Sometimes, you just have to get away from everybody. I take some pride in the fact that I don’t think I read as many journal papers as other people. There was a period when I was working on the T cell receptor and I made a determined decision not to read a damn thing about T cell receptors because the papers were so confusing and contradictory. Some of the experiments weren’t even understandable.
I’d think, “Either I’m too stupid to understand this, or nobody knows what they’re talking about. I’m just going to sit down and figure out something logical to me, making certain assumptions and predictions, and just do it.”
Why did you have enough faith in yourself to go it alone?
Because I could make certain minimal assumptions, based on a little bit of data. I know what science is. I know how to use it.

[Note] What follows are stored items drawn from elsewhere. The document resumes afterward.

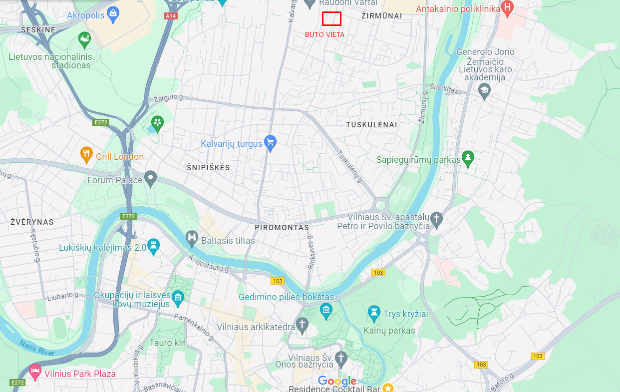 7 min. pėščiomis iki prekybos centro Banginis, kuriame yra sporto klubas, parduotuvė Senukai, IKI parduotuvė, kavinės ir t.t.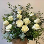 Ramo de 12 Rosas Blancas con Verdes Variados
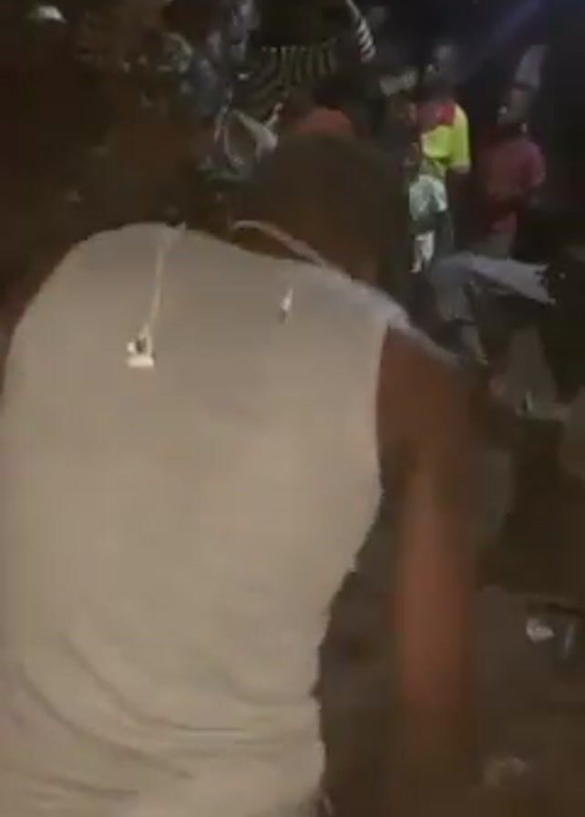 man in a tank top, hat, and patterned shorts dancing in a crowd at an outdoor event at night. He is facing away from the camera. People surround him, some dancing as well. The setting appears to be a casual outdoor gathering.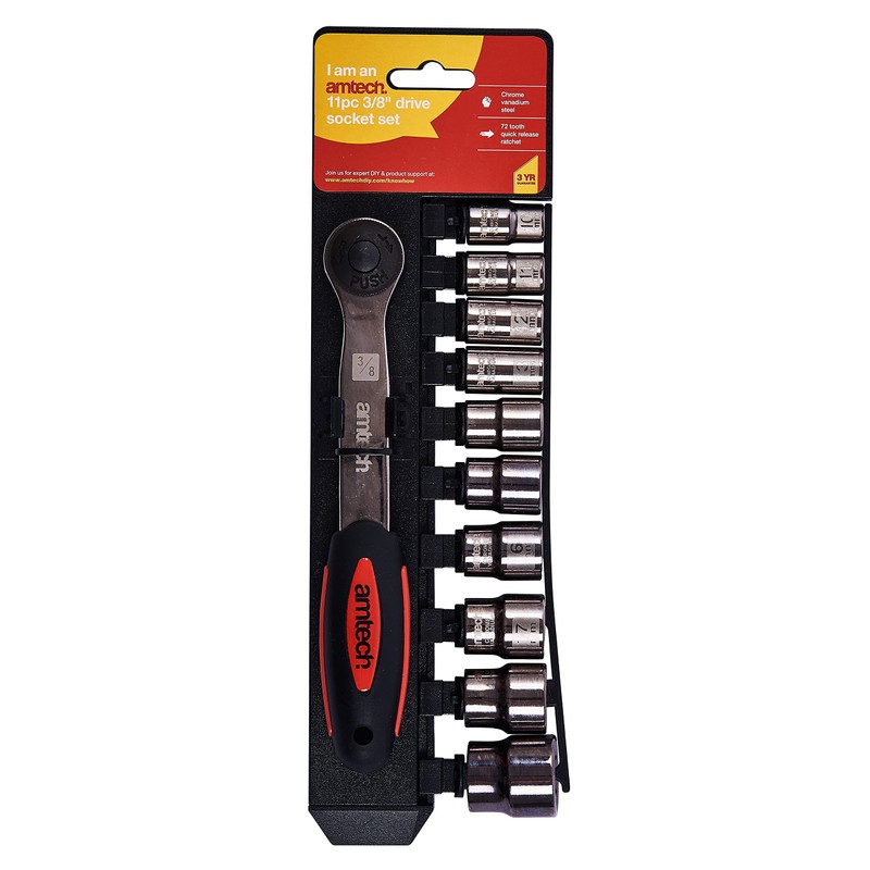 - DURABLE: This 11 piece 3/8" socket set is made from strong, chrome vanadium steel for durability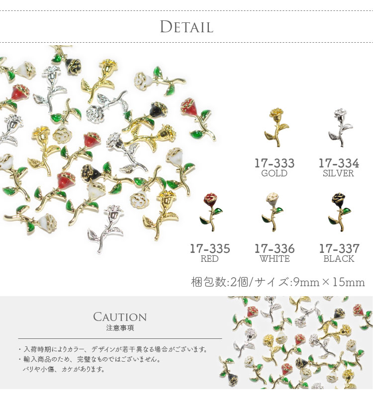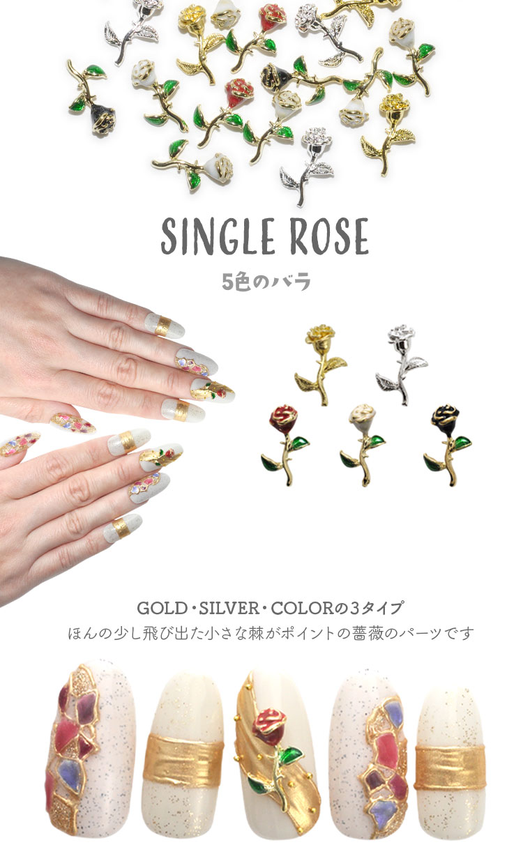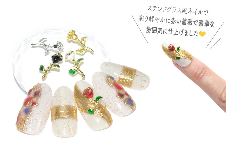 | single rose5色のバラ GOLD・SILVER・COLORの3タイプ ほんの少し飛び出た小さな棘がポイントの薔薇のパーツです ステンドグラス風ネイルで彩り鮮やかに赤い薔薇で豪華な雰囲気に仕上げました | |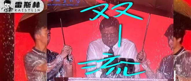 两位穿雨衣的学生,自发上台为校长撑伞,结果雨水顺势都落在校长头上,网友戏称这就叫双一流。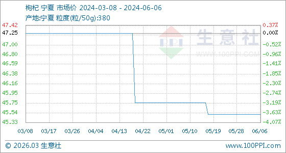 6月6日,生意社枸杞基準(zhǔn)價(jià)為45.50元/公斤,與本月初持平。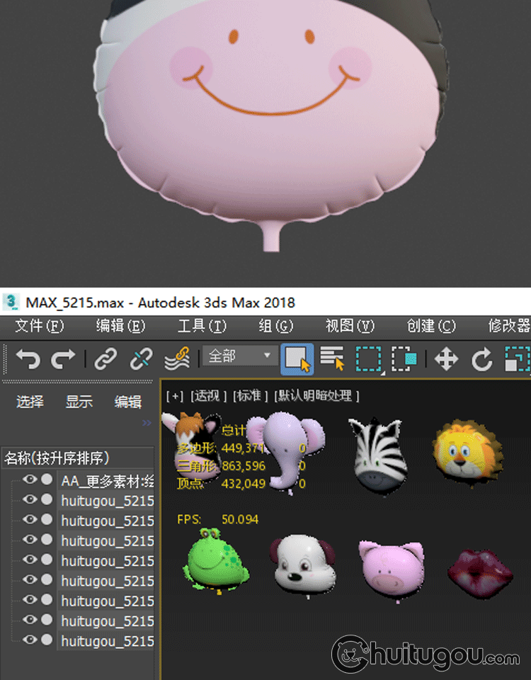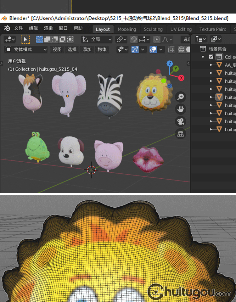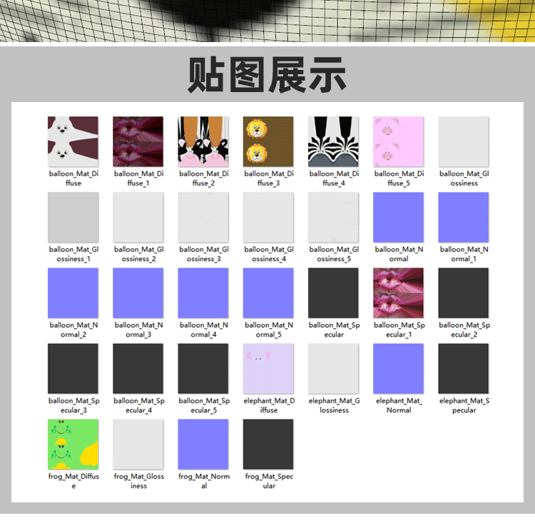 Q版动物造型气球Blend熊猫奶牛青蛙猪红唇斑马狮子C4D三维素材OBJ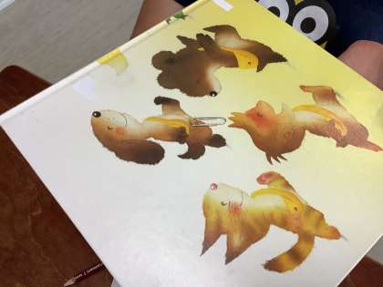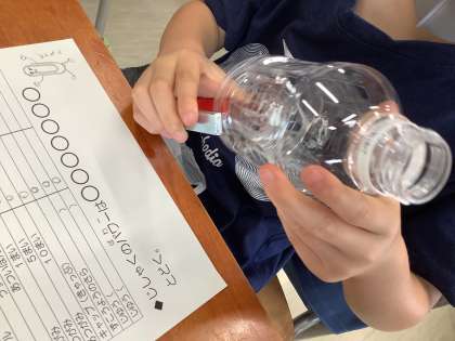 タオルや粘土板、絵本などを使って磁石の力が離れていても届くことがわかりました。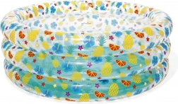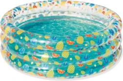 Oferiți-le copiilor bucuria unei răcoriri de vară într-o piscină gonflabilă cu imprimeu vesel cu fructe. Datorită diametrului de 170 cm și înălțimii de 53 cm, oferă suficient spațiu pentru joacă, în timp ce construcția cu trei inele asigură stabilitate, iar fundul gonflabil moale oferă confort. Piscina este ușor de umflat și de golit, ideală pentru copii de la 6 ani.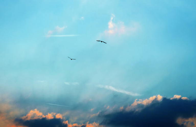 风缱绻,水温柔,闲云逐浪共沉浮。忽逢鹭影穿霞去,载得诗心没远舟。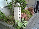 {右}岡野繁蔵出生地 平成4年竣工の稲川橋を渡って少し先に平成6年建立の青字石柱と平成10年設置の説明板がある。明治27年(1894)に生まれ21歳でインドネシアのスマトラ島に渡り大信洋行という会社を起業し雑貨貿易商として成功した。後にジャワ島のスラバヤに千代田百貨店を開店し南洋のデパート王と呼ばれたが太平洋戦争で帰国。戦後は衆議院議員にもなったが昭和50年81歳で没した。インドネシアの古美術の収集家としても知られ昭和17年に日本橋三越でコレクションの展示即売会も開かれた。東海道は先に進むと平成6年竣工の青木橋を渡り今度は左に松が少しある。 |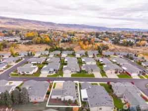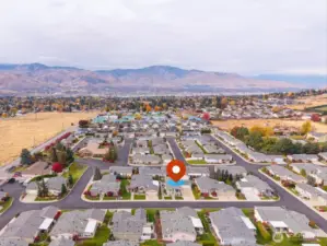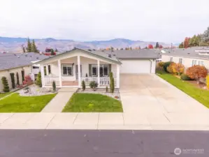 Welcome home to easy living in this beautifully maintained 1,144 sq. ft. 3-bedroom, 1.75-bath home located in a secure 55+ gated community. Vaulted ceilings and an open-flow layout create a bright, airy feel, while mature landscaping and charming front porch invite you to relax and take in views of the Wenatchee foothills. The utility room comes complete with washer, dryer, and extra storage for convenience. Enjoy friendly neighbors, top-down blinds, and a park-like setting with a clubhouse, pool, and year-round community gatherings—where comfort, connection, and peace of mind come together.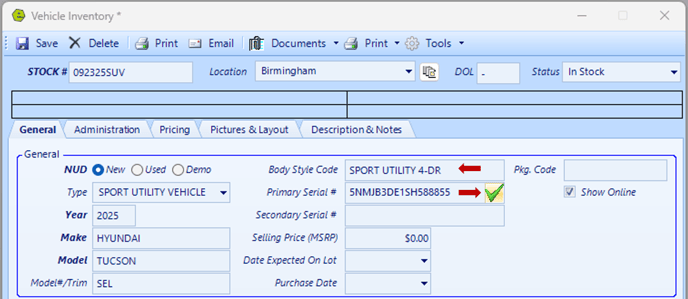 RESULT: A green checkmark will display in the yellow box and the Body Style Code will automatically display.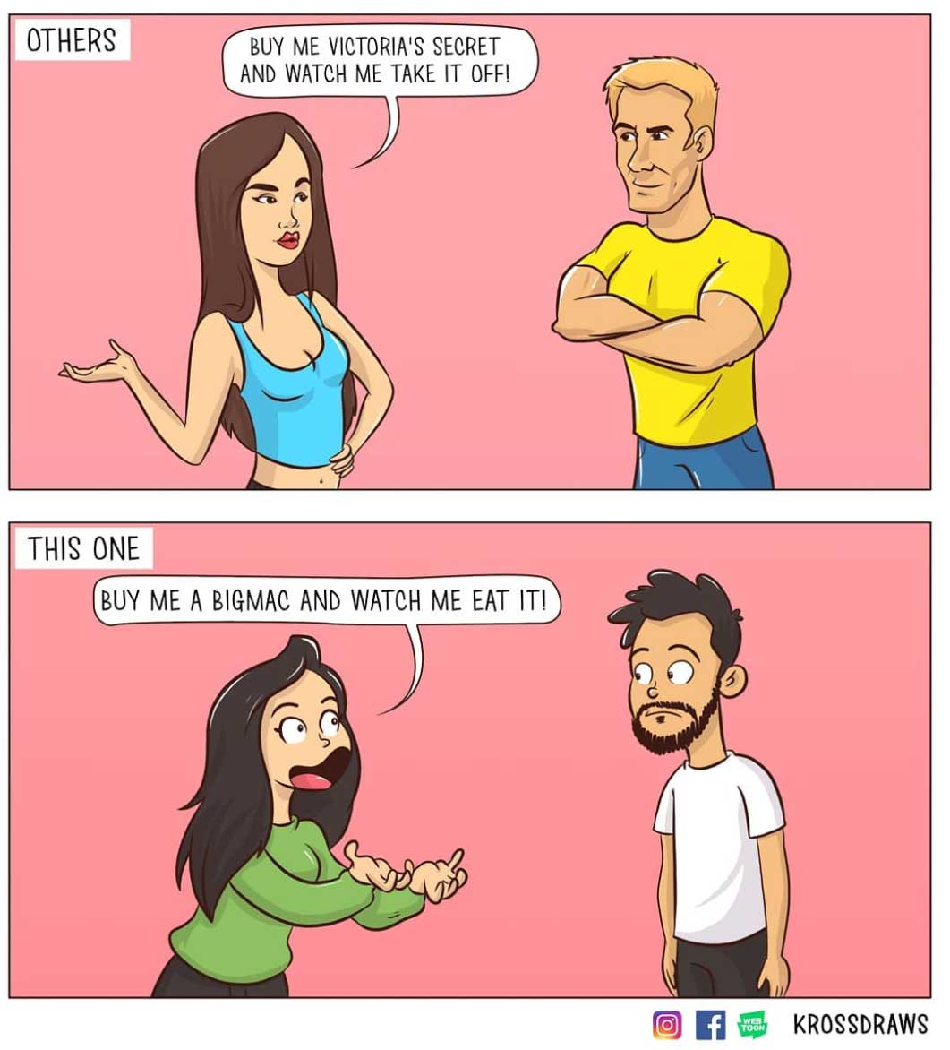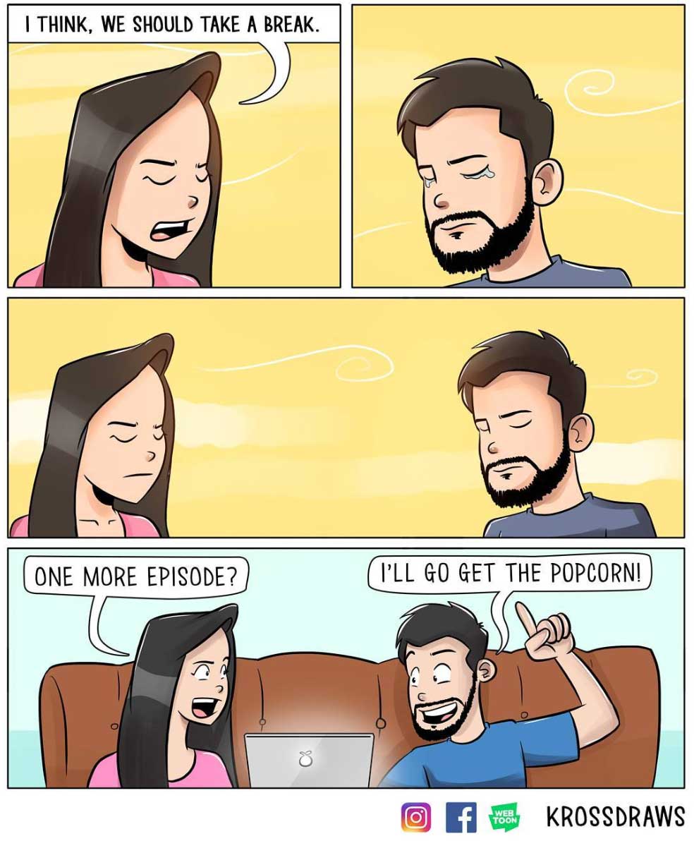 Karan Gupta aus New Delhi durchlebt viele Beziehungsmomente, die der Großteil von uns in dieser oder ähnlicher Art auch kennen dürfte. Nur hält er sie entgegen der meisten von uns in kleinen Webcomics fest. Dabei schafft er es nicht selten, die eher normalen Alltagsdinge mit originellen Kniffs und vor allem Humor in die Panels zu verpacken. Hier einige meiner persönlichen Highlights:

If somebody shows me that I’m wrong and has some data that’ll convince me of that, then I’ll admit I’m wrong. I mean, I’ve had to do that a few times. [Laughs.] Not too often, thank goodness.
When we met five years ago, you told me about one of the big moments in your life. In your off-hours, you’d been a country musician, and once, while you were still a postdoc, you got to play with Willie Nelson. Do you still see him?
I do. If he’s playing anywhere around here, his people call me. I played with them on Austin City Limits. It was a pretty big deal — there were 70,000 people there.
The last time I played with him, it was at his ranch. He had a party, and Mavis Staples was singing with him. So we did a gospel medley with Mavis Staples and Willie’s band, and me playing the harmonica. That was fun.
I once asked you whether you’d like your tombstone to read “Jim Allison, he played with Willie,” or “He cured cancer.” Since you can now say that you’ve done both, let me ask that again.
Either one. [Laughs.] I think I would like to just have something that says that the world is a better place because I was there.